2. Treatment of foot hyperkeratosis:

  • Elimination of excess pressure on the foot;
  • Selection of comfortable shoes;
  • Regular removal of rough skin yourself using scrubs, files, grinding with a machine, special blades, or in a pedicure room;
  • For patients with diabetes mellitus, the use of sharp objects: scissors, blades is contraindicated for treating feet, due to reduced skin sensitivity and a high risk of injury. You can use files, scrubs, softeners, pumice and scrapers yourself.
  • The best option would be to visit a podiatrist (who deals exclusively with the treatment of feet) at the “Diabetic Foot” office for hygienic treatment of the feet;
  • External treatment with urea preparations: a concentration of 2-10% gives a good moisturizing effect, a concentration of 40% has a pronounced keratolytic and antifungal effect (used in the complex treatment of mycoses). Foretal-plus cream effectively removes rough skin on the heels due to the combination of urea at a concentration of 25% with phospholipids, which makes it effective both for softening stratum corneum and for moisturizing the skin.
  • - use of antimycotic drugs orally: introconazole, terbinafine; removal of the affected part of the nail (Mikospor set); local application of medicinal varnishes Lotseril, Batrafen, ointments and creams Lamisil, Exoderil, etc.

3. Treatment of seborrheic hyperkeratosis consists of carrying out various types of coagulations:

  • Laser;
  • Cryo;
  • Chemical;
  • Electrocoagulation.

4. Treatment of cervical hyperkeratosis:

  • Elimination of the inflammatory process, depending on the type of pathogen, the following are used: antibiotics, antiviral, antifungal, antichlamydial and other drugs;
  • Laser coagulation is a painless and most effective method that is recommended to be preferred;
  • Cryotherapy is also a painless and very effective method, but it has the disadvantage of a fairly frequent return of the pathological process in patients with disrupted cycles;
  • The effectiveness of 74% is the use of solkovagin, which has a local chemical effect.
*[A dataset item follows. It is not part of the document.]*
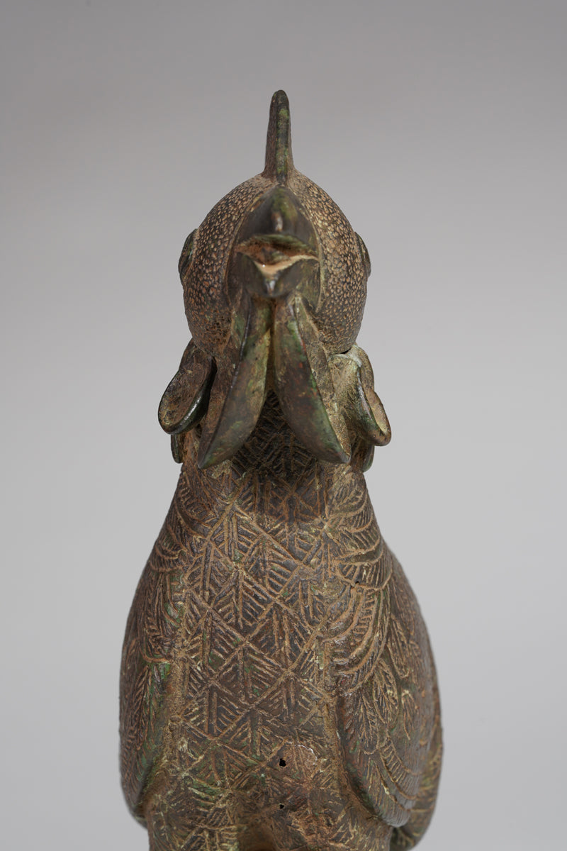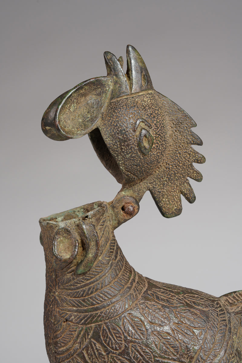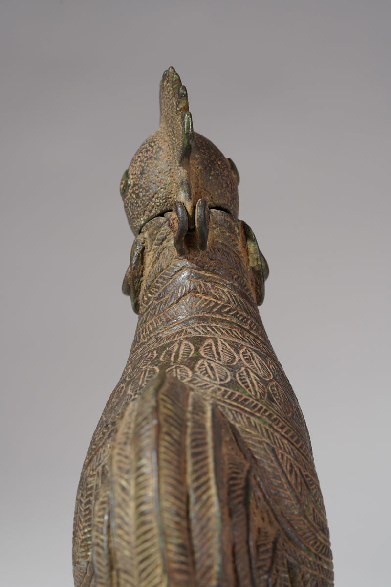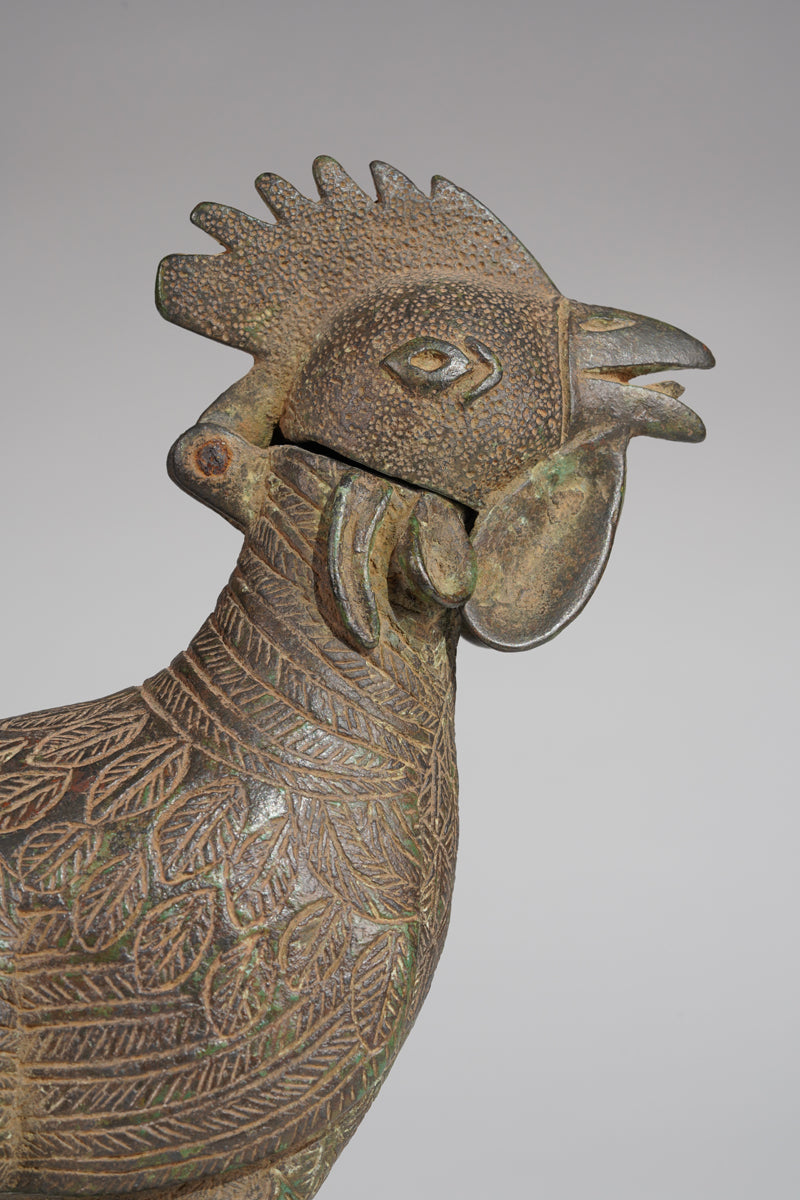 Bronze cock which did not come into existence until after the introduction of the Iy’ọba title by Ọba Esigie. The first Iy’Ọba was Idia, and the Iy’ọba title is considered to be the greatest achievement of a Benin woman. It has spiritual significance and is placed at the altar of the Iy’ọba after her death. The Iy’ọba is referred to Ọkpa n’ Uselu. Source Digital Benin.

The treatment is painless and completely destroys the focus of hyperkeratosis;
  • Surgical treatment is performed for pronounced changes in the cervix.

Widely used, diathermocoagulation is currently considered a possible but undesirable method with many negative consequences.

It is necessary to refrain from using products that stimulate cell growth: rosehip oil, aloe ointments, sea buckthorn oil. The use of these drugs can provoke increased cell division and growth and lead to cervical dysplasia.